Just about from the beginning, he’d liked David Harwood for this. You always look to the husband first, anyway. And there were so many parts of his story that didn’t hold together. His wife’s so-called depression certainly didn’t. The ticket that was never purchased. The evidence from Ted, the store owner in Lake George. And if you were looking for motive, there was that $300,000 life insurance policy. Just the sort of safety net a guy working in newspapers—or anywhere else these days, for that matter—might be glad to have.
It looked very much like Harwood took his wife to Lake George and killed her. After all, no one had seen her since, so long as you didn’t count the boy, Ethan. But Duckworth had been having doubts about his initial theory ever since the discovery of Leanne Kowalski’s body. From the moment David Harwood had looked into that shallow grave and seen her there. Duckworth had been watching closely for the man’s reaction.
Duckworth had not anticipated what he saw.
Genuine surprise.
If David Harwood had killed that woman and put her into the ground, he might have been able to feign shock. He could have put on an act and looked shattered. And faking tears, lots of people could pull that off. All of those things the seasoned detective would have expected.

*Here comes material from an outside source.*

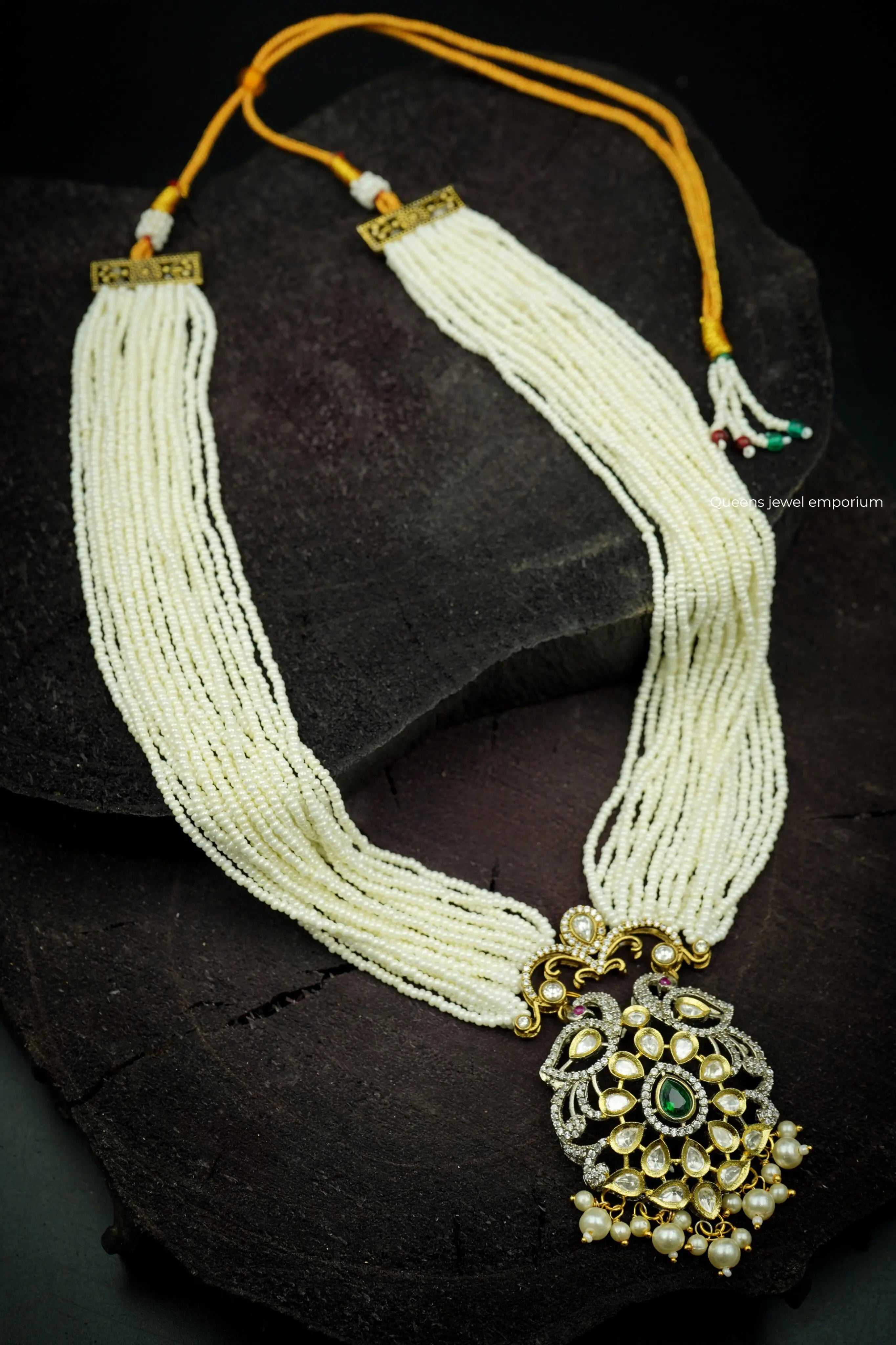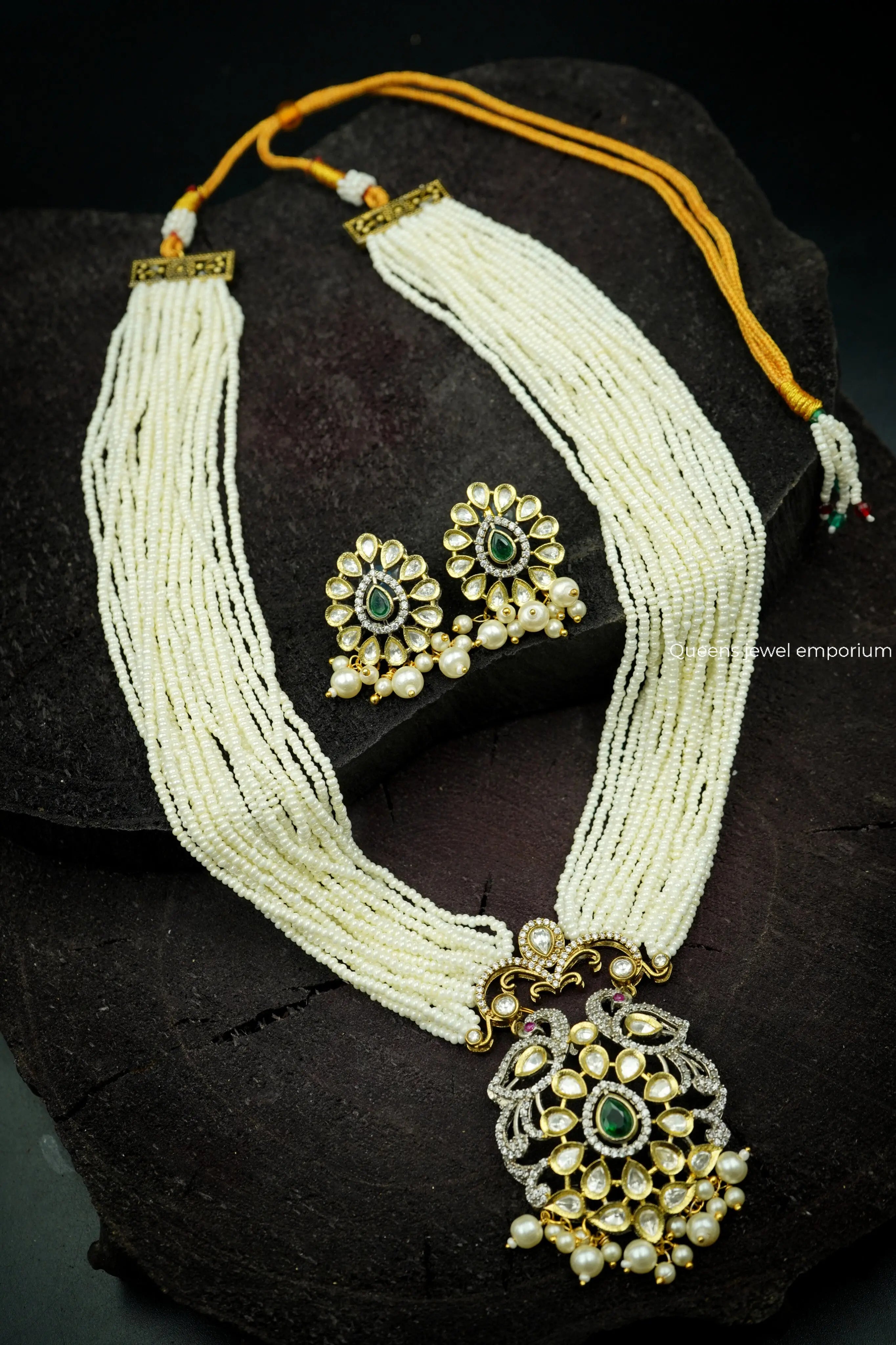 This SRINISHA HARAM is a stunning example of expert craftsmanship, featuring intricate Kundan stones and delicate pearl hangings. The matching earrings, attached with a tassel rope, add an elegant touch to this premium quality piece. Elevate your jewelry collection with this timeless and beautifully designed piece.

But why had Harwood looked so surprised?
It had flashed across the man’s face for a good second. The eyes went wide. There was a kind of double take. There was no mistaking it. Leanne Kowalski’s body was not the one he had been steeling himself to see.
That told Barry Duckworth a couple of things. Harwood was not Kowalski’s killer. And it wasn’t very likely that he’d killed his wife, either.
If Harwood had killed Jan Harwood, and disposed of her elsewhere, he wouldn’t have looked so taken aback. He’d have known he was going to be looking down at someone other than his spouse. Even if he had killed Kowalski, and knew she was going to be there, he might have acted surprised, but t
hat’s what it would have been: an act. What Duckworth saw was the real deal.
And then there was the business of the Explorer.
Harwood might have had time to kill Leanne Kowalski between taking his wife up to Lake George and going to Five Mountains the next day, but Duckworth couldn’t for the life of him figure out how the Explorer got all the way down to Albany and ended up at the bottom of an embankment. When did Harwood have time to do that? How did he manage it alone? Wouldn’t you need one person to drive the Explorer, and another for the car that you’d need to get back to Promise Falls?
Duckworth wasn’t liking Harwood for this nearly as much as he once had. Maybe there was something to the reporter’s claims that his wife had taken on a new name, changed her identity, after all. It had seemed pretty outrageous to him at first, but now he was feeling obliged to give it a look-see. He could find out again the names of those people Harwood had been to see in Rochester. See what they had to say.
He was starting to get a new feeling in that gut of his that Natalie Bondurant had so maligned.
And that was when his cell rang.
“Duckworth.”
“Yeah, Barry, it’s Glen.”
Glen Dougherty. Barry’s boss. The Promise Falls police chief.
“Chief,” he said.
“It wouldn’t normally be me calling you with this, but some lab results just got copied to me and I wondered if you had them yet.”
“I’m on the road.”
“This Jan Harwood disappearance. You’re handling that.”
“As we speak,” he said.
“You asked for tests on some hair and blood samples in the trunk of the husband’s car.”
“That’s right.”
“They’re back. They both match the missing woman, based on the hair samples you took from the house when you had it searched.”
“I hear ya.”
“I think you need to move on this,” the chief said. “Looks like this clown moved her body in the trunk.”